**Exercise data**

<<<<

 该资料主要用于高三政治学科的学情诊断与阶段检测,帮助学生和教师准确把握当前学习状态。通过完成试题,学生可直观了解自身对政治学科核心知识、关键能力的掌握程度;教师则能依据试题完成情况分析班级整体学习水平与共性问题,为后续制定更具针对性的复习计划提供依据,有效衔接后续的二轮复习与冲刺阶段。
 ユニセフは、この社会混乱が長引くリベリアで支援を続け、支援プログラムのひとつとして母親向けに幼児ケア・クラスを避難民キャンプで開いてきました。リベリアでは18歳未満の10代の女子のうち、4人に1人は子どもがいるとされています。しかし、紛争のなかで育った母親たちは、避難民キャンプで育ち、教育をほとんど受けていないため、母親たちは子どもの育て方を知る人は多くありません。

>>>>
<<<<

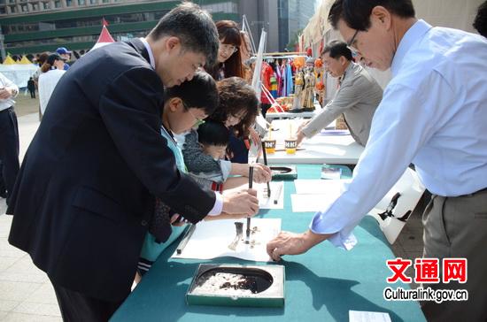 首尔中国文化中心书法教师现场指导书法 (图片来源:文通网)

>>>>
<<<<

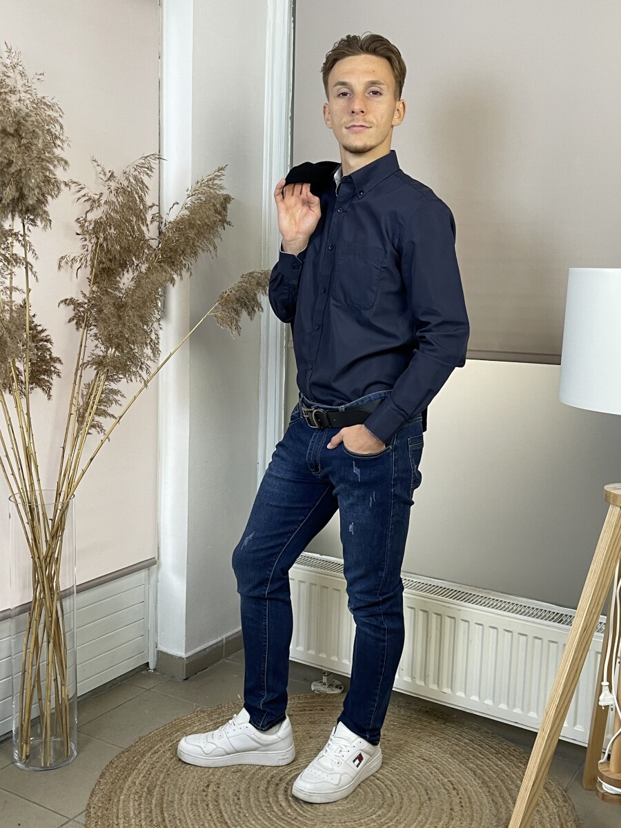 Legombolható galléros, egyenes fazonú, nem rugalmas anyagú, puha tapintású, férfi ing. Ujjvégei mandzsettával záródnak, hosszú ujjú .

>>>>

Taking the entries above, restate exactly those lines that fall between the line with "该资料主要用于高三政治学科的" and the line with "ユニセフは、この社会混乱が長", keeping both of those lines too.

**Response for this exercise**
 该资料主要用于高三政治学科的学情诊断与阶段检测,帮助学生和教师准确把握当前学习状态。通过完成试题,学生可直观了解自身对政治学科核心知识、关键能力的掌握程度;教师则能依据试题完成情况分析班级整体学习水平与共性问题,为后续制定更具针对性的复习计划提供依据,有效衔接后续的二轮复习与冲刺阶段。
 ユニセフは、この社会混乱が長引くリベリアで支援を続け、支援プログラムのひとつとして母親向けに幼児ケア・クラスを避難民キャンプで開いてきました。リベリアでは18歳未満の10代の女子のうち、4人に1人は子どもがいるとされています。しかし、紛争のなかで育った母親たちは、避難民キャンプで育ち、教育をほとんど受けていないため、母親たちは子どもの育て方を知る人は多くありません。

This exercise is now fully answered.